Development version of the new IO-500 Application
MIT License
18 stars 11 forks source link

can't launch a parallel external find #21

Closed mchaarawi closed 4 years ago

mchaarawi commented 4 years ago

with this commit: https://github.com/VI4IO/io500-app/commit/c155836d31c12b3dee2640e5001adfb32085b6a7 it's not possible anymore to execute an external parallel find application. using a serial find in the io-500 workflow is unrealistic for any valid score.

Contrary to the comment made in the patch, this was working fine before the change was landed, so we would appreciate if this change was reverted.

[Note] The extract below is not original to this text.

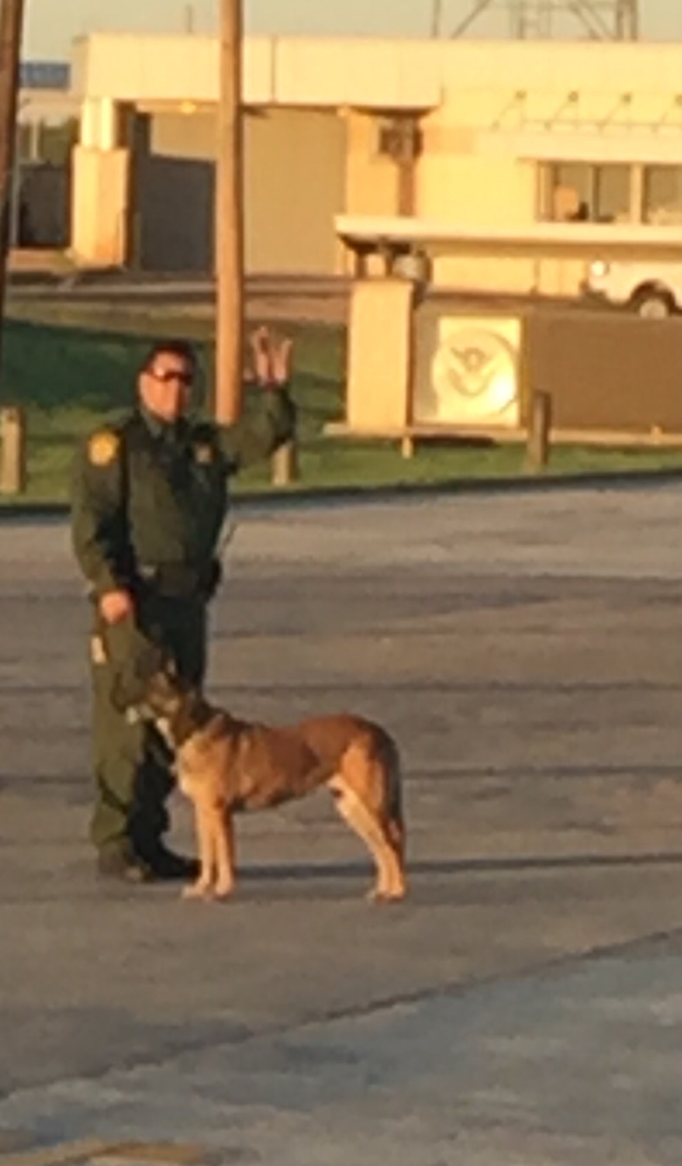 The border guards are on their toes today. This guy was out in the parking lot telling everyone which lane to go to.

JulianKunkel commented 4 years ago

The reason for this was that typically MPI apps don't support to start again a MPI parallel app by them. MPI spawn however isn't quite supported. If you like to use a mpi parallel find either use the integrated one or provide one that implements the same interface. If your environment supports the parallel execution as like with srun before let us know. It is important to find out for which impl. of MPI this works or doesn't.

Mohamad Chaarawi notifications@github.com schrieb am Mo., 15. Juni 2020, 22:11:

with this commit: c155836 https://github.com/VI4IO/io500-app/commit/c155836d31c12b3dee2640e5001adfb32085b6a7 it's not possible anymore to execute an external parallel find application. using a serial find in the io-500 workflow is unrealistic for any valid score.

Contrary to the comment made in the patch, this was working fine before the change was landed, so we would appreciate if this change was reverted.

— You are receiving this because you are subscribed to this thread. Reply to this email directly, view it on GitHub https://github.com/VI4IO/io500-app/issues/21, or unsubscribe https://github.com/notifications/unsubscribe-auth/ABGW5SUZISZXK3E2AEJPJALRW2E6PANCNFSM4N6YHUZA .

mchaarawi commented 4 years ago

We are using the mpifileutils dfind, which is a pretty well known implementation and used by many others. it has the same interface as the pfind tool but it requires additional arguments like IOR/mdtest for the backend API.

i did not see any issues when testing with MPICH, MVAPICH, and latest OpenMPI. so im not sure what version for you was not working.

adilger commented 4 years ago

Mohamad, is it possible to use external_extra_args for to make this work instead of external_mpi_args? Are the extra argumets needed for MPI or for dfind? I don't have a strong opinion either way, but it sounds like the additional arguments you need should be for dfind.

mchaarawi commented 4 years ago

Andreas, external_mpi_args are MPI args, not dfind args. so one would pass: external_mpi_args = mpirun -np 10 --hostfile file --mca .. so your suggestion wouldn't work.

JulianKunkel commented 4 years ago

Ken had this issue with whom I did debug the issue. I could reproduce the issue with OpenMPI 4.0.3 in the new Ubuntu. It is a tricky problem. Added an extra note.